When you add a URL, VozAgent:
  1. Fetches the page at the URL you provide
  2. Extracts the text content from the page (stripping out navigation, ads, scripts, etc.)
  3. Indexes the content so your assistant can search it during calls
  4. Stores a snapshot of the content at the time of scraping
The item appears in your knowledge list with a Website badge and a globe icon. While the page is being scraped, you’ll see a Scanning status badge. Once processing is complete, the status clears and the content is ready for your assistant to use.

Adding a Website URL

There are two ways to add website content, depending on where you start.

From the Knowledge page

  1. Go to Knowledge in your dashboard sidebar
  2. Click the Add Knowledge button
  3. Select Website from the resource type options
  4. Enter the website URL in the Website URL field (e.g., https://example.com/services)
  5. Click Add Knowledge
The title is automatically generated from the domain name.

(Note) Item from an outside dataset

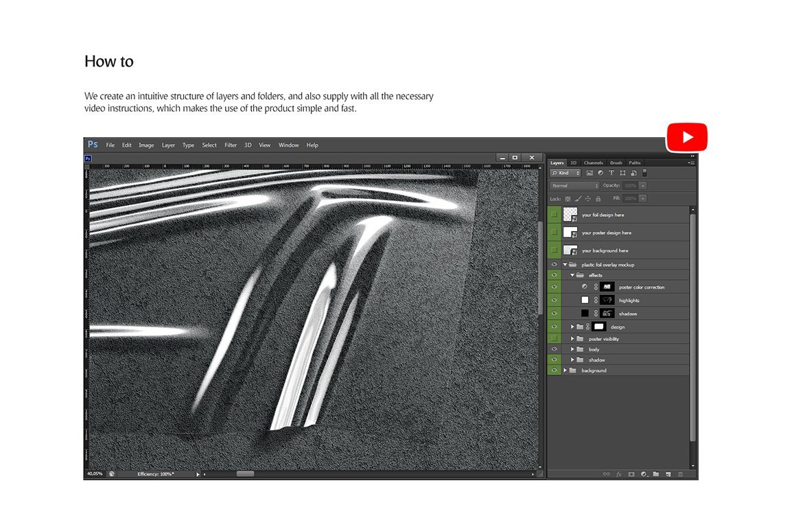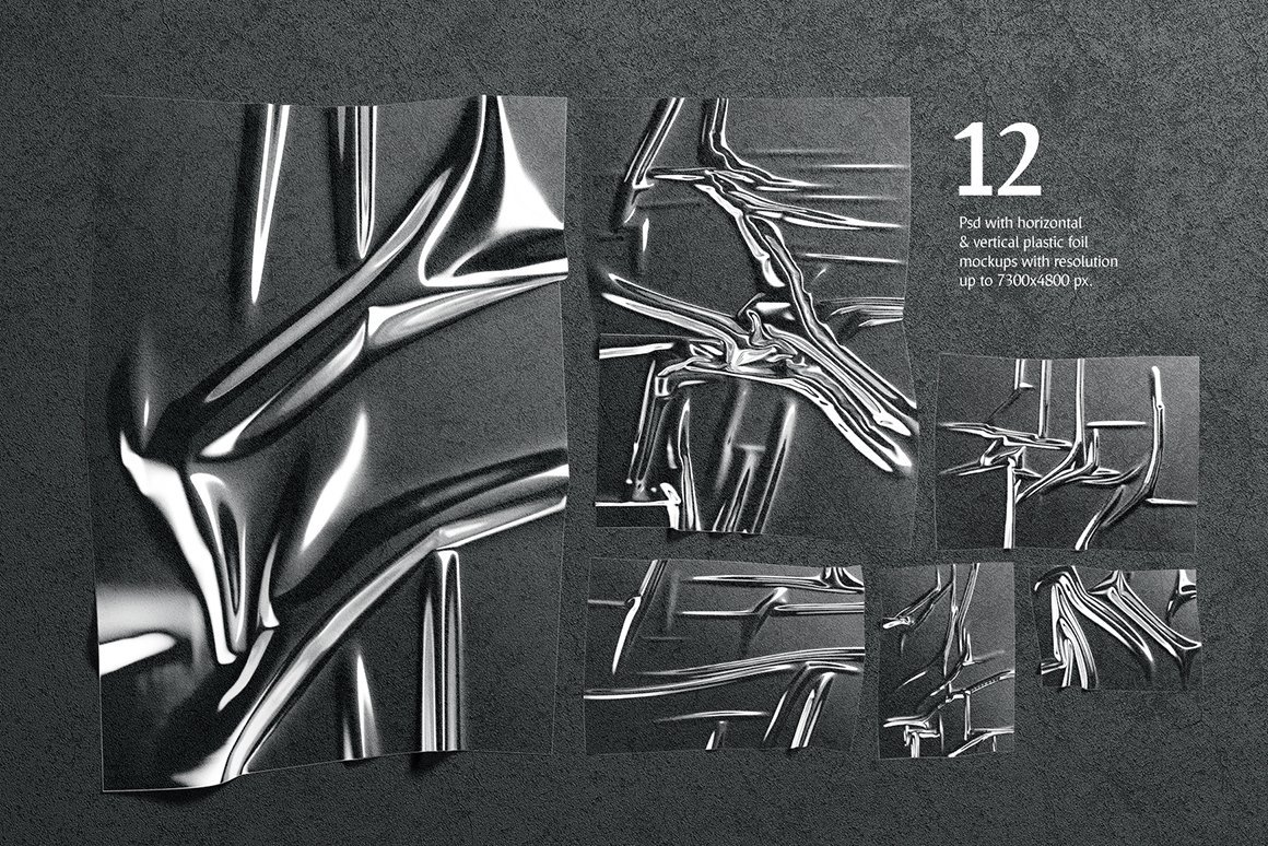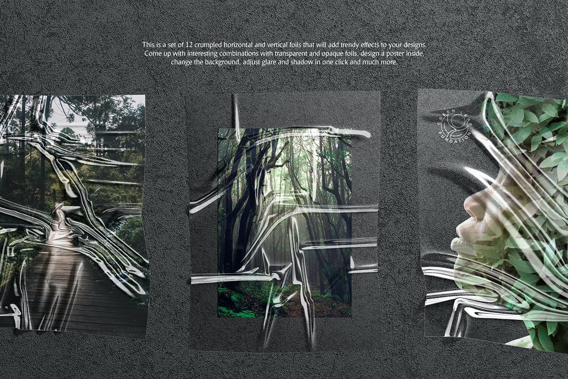 12种水平和垂直皱纹箔,可为您的设计增添时尚气息。只需将透明和不透明的箔纸进行有趣的组合,即可在内部设计海报,更改背景,只需一次单击即可调整眩光和阴影等等。
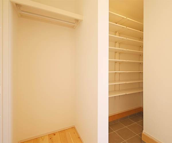オープンタイプのクローゼットは、家族みんなのアウターや靴が一目瞭然。出し入れもスムーズです。

For example, if you enter https://acmeplumbing.com/services, the title will be set to acmeplumbing.com.

From the Paste URL dialog

If you’re using the legacy document view, you may see the Paste from URL option:
  1. Click Add Document and select Paste from URL
  2. Enter a Name for the resource (e.g., “Services Page”)
  3. Enter the URL of the page you want to scrape (e.g., https://example.com/services)
  4. Click Upload
The helper text under the URL field reads: “Paste here the link of the website to scan.”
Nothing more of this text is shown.